I really like Kelsey's physics idea of an infinite number of universes, but rather than think of them as improbabilities, I actuall believe in that they happen in a sequence of events. To be porous, I believe we have to be open to the idea of everything having a connection to something before it or after it. Whether the connection be small or big, in order to be porous, the thoughts and ideas must be penetrable and permeable. Somethings are hold to grab a hold of or want to accept, but in order to understand who we are today or why certain things are the way they are, we have to retrace and pay attention the the connecting threads. 

Kelsey's picture

On Many Worlds

There is a theory in physics called the many-worlds interpretation of quantum mechanics.  According to this theory, there are an infinite number of universes, and everything that could have happened in our universe- but did not- has occurred in some other universe.  There is no empirical proof of this theory- in fact, there are several interpretations of quantum mechanics- but the fact that it could be true (and we currently have no way of knowing whether it is) has vast implications for the improbability of place.  If there are infinite universes with different realities, with different places, what makes our universe any more improbable (or probable) than the rest?  Everything that has happened in our universe, everything that has conspired to create the places we call home, is just as probable as everything that hasn't happened.  I agree with aphorisnt's point that we need to be aware of the vast chain of circumstances that lead to where we are today, but I don't think that sequence of events that got us here- improbabilities that are no more improbable than any other improbabilities- means that we shouldn't claim a specific place as home.  We may be porous, but our porosity is dependent upon our unique circumstances, including the specific places we call home.  I am affected differently by, say, climate change than someone from the Maldives, whose country may soon be underwater, and even though climate change affects the entire planet we are differently porous to the damages it causes because of our varying circumstances, our varying very specific homes.  Being porous does not make us placeless; instead, we are continually affected by our porousness and our placeness.  

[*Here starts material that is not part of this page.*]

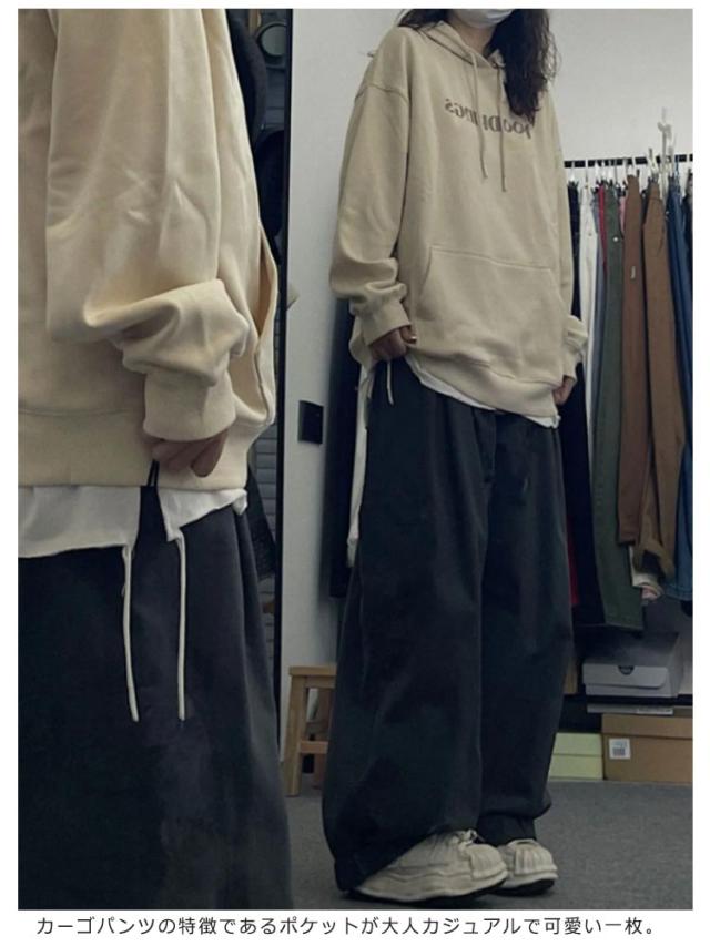 | ワイドなラインなので体型カバーにもなるカーゴパンツ ハイウエストにトップスをインすれば脚長効果もバツグン 太めに作られたシルエットは存在感抜群です カーゴパンツの特徴であるポケットが大人カジュアルで可愛い一枚。 シーズンを問わずに着用していただける着回し力抜群な優秀パンツです。 | |

Sophia Weinstein's picture

Earth as Home to Infinite Universes

The idea that what has happened in our universe is just as probable than all that hasn't happened here, with the assumption that it is sure to happen in another reality is very interesting. Just because something hasn't happened to us doesn't mean it doesn't affect us, in some way. I like the parallel that Kelsey draws between alternate universes and the much smaller ecosystem of earth. There are infinite ecosystems all living within, in response to, and because of, other ecosystems. When I read Stacy Alaimo's Porous Bodies and Trans-Corporeality, I kept thinking of ants, and the 'societal' behaivor that they have. Every ant is its own entity, without any understanding of self. Alone they are capable of very little, yet through their senses of each others horomones, they are able to interact and work together to collect food and build shelters - homes. Any one ant is a 'body', but also perhaps a small component of the 'body' that is an ant colony. Every ecosystem is just a component of another ecosystem, making earth home to an infinite number of universes.